A Marie T.
Qu'importent nos noms ! Bernard, Blaise ou Bertrand. Maud, Mélinda ou Marie. Changez-les, mettez les vôtres à la place. Cela vous aidera peut-être à comprendre que cette histoire n'a ni âge, ni terre ni maison. Qu'elle est de tous les temps, de tous les cieux, de tous les milieux. Née avec l'homme et la femme, leurs passions, leurs excès, leurs angoisses. Je ne cherche pas d'excuses, non, j'essaie juste de comprendre, de ME comprendre surtout. Pour le reste, j'ai déjà payé, je paye chaque seconde, chaque minute, chaque heure que je vis et je vais payer pendant si longtemps. Bien plus cher que tout ce qu'on pourra m'imposer puisqu'ELLE n'est plus là, à cause de moi.
Avant elle, il n'y avait rien. Ou si peu. Rien que des mots assemblés en vain que je n'avais jamais pu dire. Des mots qui me semblaient étrangers à moi-même. Des mots qui n'allaient pas avec mes gestes et des gestes qui n'allaient pas avec mes mots. J'étais tout juste bon à les écrire, une fois ou l'autre, mais je faisais l'amour sans le dire. Je n'y croyais pas à ces mots. Je m'en défiais. J'avais peur qu'ils ne cachent que le désir et s'envolent à peine éclos. Je ne savais pas. Je n'y arrivais pas. Esprit trop cartésien. Trop méfiant. Trop rebelle au mensonge. Trop con, sans doute. Infirme. Sans voix. Aphone du cœur. Voilà, c'est ça. Aphone.
Ma vie s'ennuyait.

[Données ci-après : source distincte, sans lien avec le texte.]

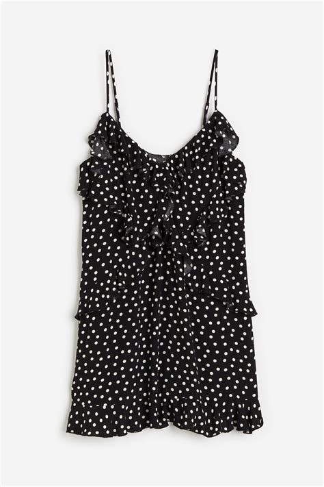 H&M presenta un vestido corto de lunares con volantes, una tendencia muy actual. Los volantes adornan el escote, la parte delantera y el bajo del vestido, que cuenta con tirantes finos ajustables y escote de pico.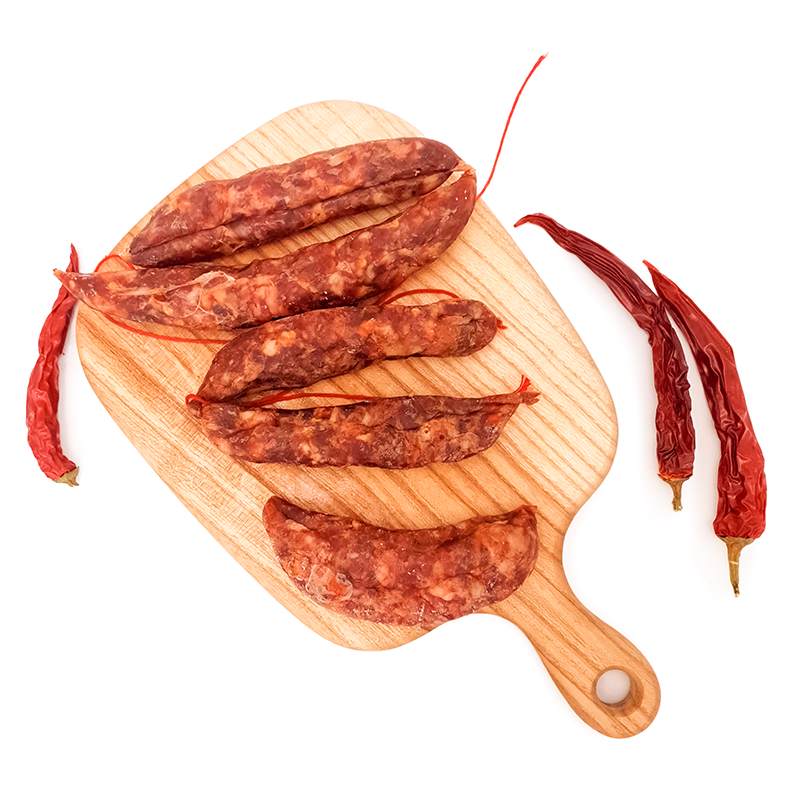 Kiełbaski Abruzzese Piccante to tradycyjne pikantne kiełbaski z regionu Abruzji, przygotowywane z najwyższej jakości mięsa wieprzowego i aromatycznych przypraw, w tym papryczki chili. Charakteryzują się intensywnym, wyrazistym smakiem i delikatną ostrością, idealnym na deski wędlin, do grillowania lub jako dodatek do makaronów i dań z pieca.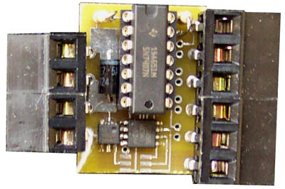 This 1-wire card uses the DS2450 IC in the output mode to turn four digital signals on and off. The output is buffered with an open collector 7407 IC that can be used to control DC relay coils at up to 35V at 24 mA each. It can also be connected to the RELAY4B. This board accepts four optically isolated solid state relays. These can be any combination of an OAC5A (switches 24 to 240VAC at up to 3 amps) or an ODC5A (switches 4 to 200VDC at up to 1 amp).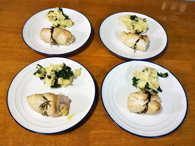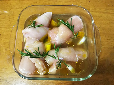 アイルランド料理の本を読んでいたらBlissful Rosemary Chicken という料理を発見しました。他の本には載っていないようなので、これが典型的なアイルランド料理かどうかは今一つ謎なのですが…ハーブ好きには何とも魅力的な料理なのでコルカノンや大麦のスープと一緒に作ってみました。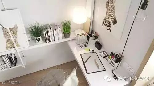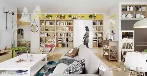 整个空间给人非常舒适愉快的视觉感受,用淡色木质做成的家饰搭配白色调,彰显最经典的北欧风搭配,黄色与蓝色一定是空间中最精彩的部分,书架的顶端用黄色填满,与青葱的绿植相映,清新活泼十分的有趣。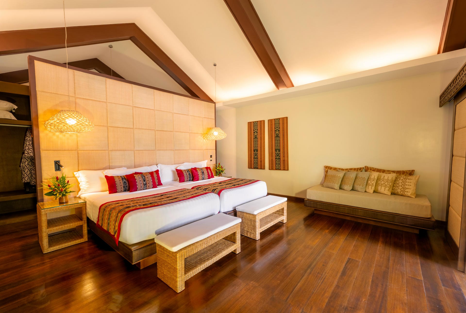 T’nalak headboards and banana-leaf wall finishes showcase Mindanao’s rich cultural heritage.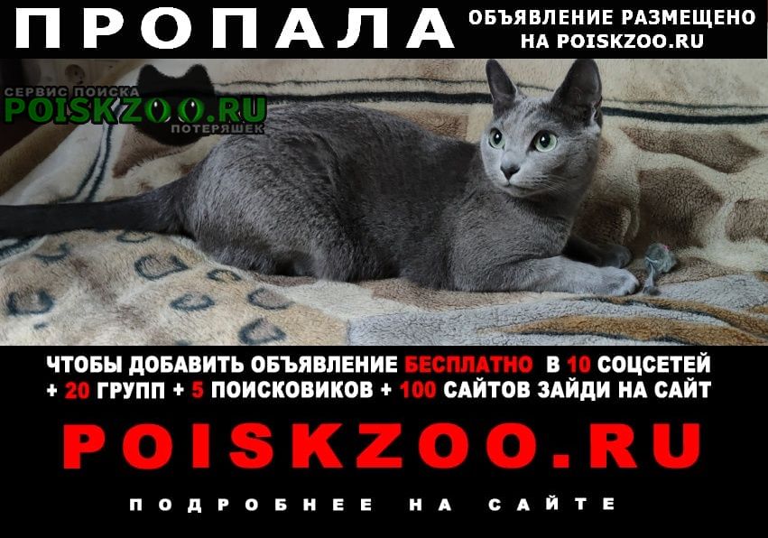 Потерялась кошка зовут Астра серого цвета порода русская голубая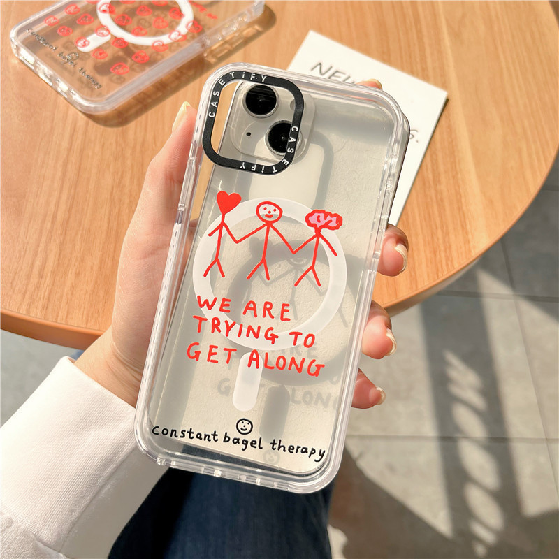 iphone14promax手機殼女款磁吸防摔透明白色卡通可愛涂鴉火柴小人明星同款笑臉英文字母蘋果13保護套小清新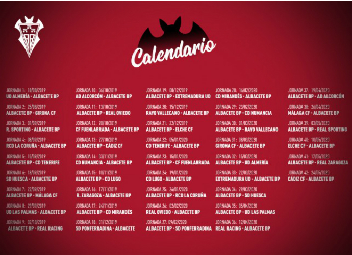 El Albacete Balompié ya conoce el calendario para la temporada 2019-2020. El equipo manchego empezará y terminará la Liga actuando como visitante en tierras andaluzas. En la primera jornada viajará a Almería y en la última visitará al Cádiz.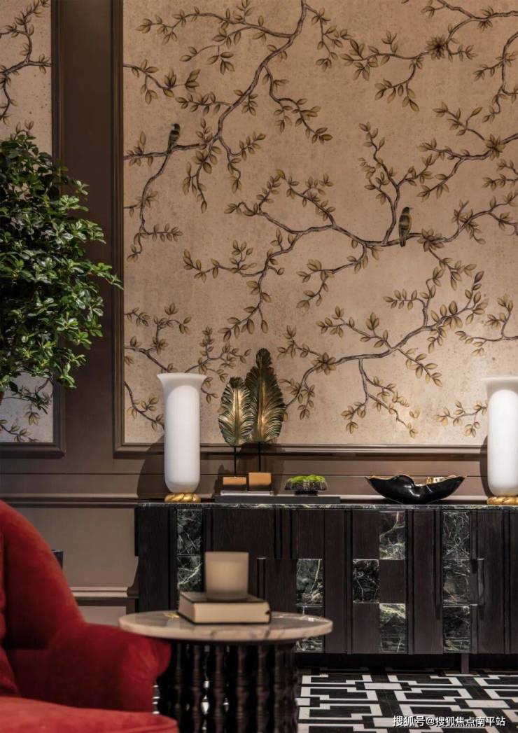 整体空间色调凝重高雅,瓷器、皮革和天然纤维,这些不同的材质带动空间的丰富性与趣味性,衬托出时尚、优雅、浪漫的生活品质。不同装饰感的饰品与水晶吊灯一起,展现出一场华丽的演变。
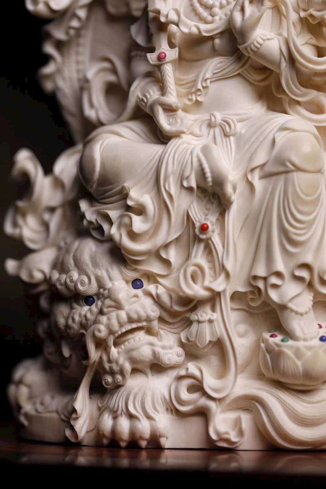 Chọn ng.à voi ma mút phôi cao cấp, được tỉ mỉ điêu khắc thủ công. Văn Thù Bồ Tát gương mặt hiền hòa, tay cầm pháp khí, xung quanh chạm khắc hoa văn cuộn cỏ và lọng báu tinh xảo, linh thú hiện hình sinh động. Chất ng.à ấm nhuận, sắc trắng trong sáng, hòa quyện hoàn hảo vẻ trang nghiêm thần thánh của Bồ Tát cùng nghệ thuật chạm khắc tinh mỹ.

Ma vie m'ennuyait.
Et puis elle était apparue devant moi, sortie de nulle part, tombée de son nid, partie de chez elle. Peu importe. Elle était là.
Belle, je ne sais. Si, bien sûr. Mais belle pour moi. Avec le teint, les cheveux, le grain de peau, la voix, les seins, les yeux, la bouche, les jambes, les fesses que j'aime. Mais tout cela me plaisait-il parce que je l'aimais ou l'aimais-je parce qu'elle possédait tout cela ? Qui est le premier, de l'œuf ou de la poule ?
Oui, je sais, l'amour entre d'abord par les yeux, à ce qu'on dit. Donc, je l'aimais parce qu'elle avait tout cela. Et pourtant, celle qui l'avait précédée était presque son contraire. Allez y comprendre...
Et comment expliquer que sans nous être jamais vus, nous nous soyons reconnus ? Je ne sais. Alchimie des phéromones. Conjonction des astres. Jour de chance. Elle était entrée dans ma vie comme moi dans la sienne et plus rien n'avait d'importance. Balayés, nos passés. Suspendu, notre avenir. Dilaté, notre présent.
Nous n'étions
plus qu'un homme et une femme, nus comme au premier jour, soudain sans famille,
sans amis, sans patrie, sans culture, sans autre repère que la flamme qui
brûlait dans les yeux de l'autre, embrasés, embrassés, débarrassés de tout
ce qui n'était pas nous. Nos corps, nos cœurs, nos souffles, nos mains, nos
sexes, nos bouches, nos yeux, nos cheveux. Notre peau. Notre sueur. Notre
chaleur.
Et tous ces mots
jamais dits, murmurés peut-être, enchantement, je pouvais les dire, les
répéter, les savourer, l'en saouler, du matin au soir, du lundi au dimanche,
de janvier à décembre.
Qu'elle aussi me
les dise. Elle le faisait à l'occasion, mais préférait de beaucoup
m'entendre. Elle prenait la pose, se laissait caresser par ces mots sans queue
ni tête qu'on dit avec le cœur, sans y penser, en y pensant, presque malgré
soi. Ils vous sortent de la bouche en chapelets serrés. Ils sont indigestes à
ceux qui les écoutent avec les oreilles. Et nectar aux cœurs amoureux. Elle
les buvait, les yeux fermés, comme du petit-lait, du jus de treille, de
l'ambroisie...
La vie courait.
Nous nous
aimions, comme deux saltimbanques aux cœurs ouverts aux quatre vents, de
chambres d'hôtel à peine entrevues en séjours-éclair sous des cieux toujours
bleus, nos attaches brisées et nos révoltes au poing.
Elle jouait, je
chantais. Trop longtemps. Trop souvent. Trop loin l'un de l'autre. La vie nous
filait entre les doigts et notre bel amour avec. Le succès nous éloignait ;
nos avions s'en allaient toujours plus loin ; nos téléphones saturaient :
agents, familles, importuns, inquisiteurs, amis d'un jour, d'un soir, d'une
heure. L'hydre du succès nous dévorait.
Mais comment
vivre cachés quand c'est le public qui vous fait vivre ? Et comment vivre
libres, exposés aux regards, épiés, poursuivis, traqués par micros, stylos
et caméras ?
Le paradis ne
peut-il être qu'artificiel ? Nous y avons goûté. Nous nous y sommes
réfugiés parfois, inaccessibles aux autres alors, étrangers à nous-mêmes.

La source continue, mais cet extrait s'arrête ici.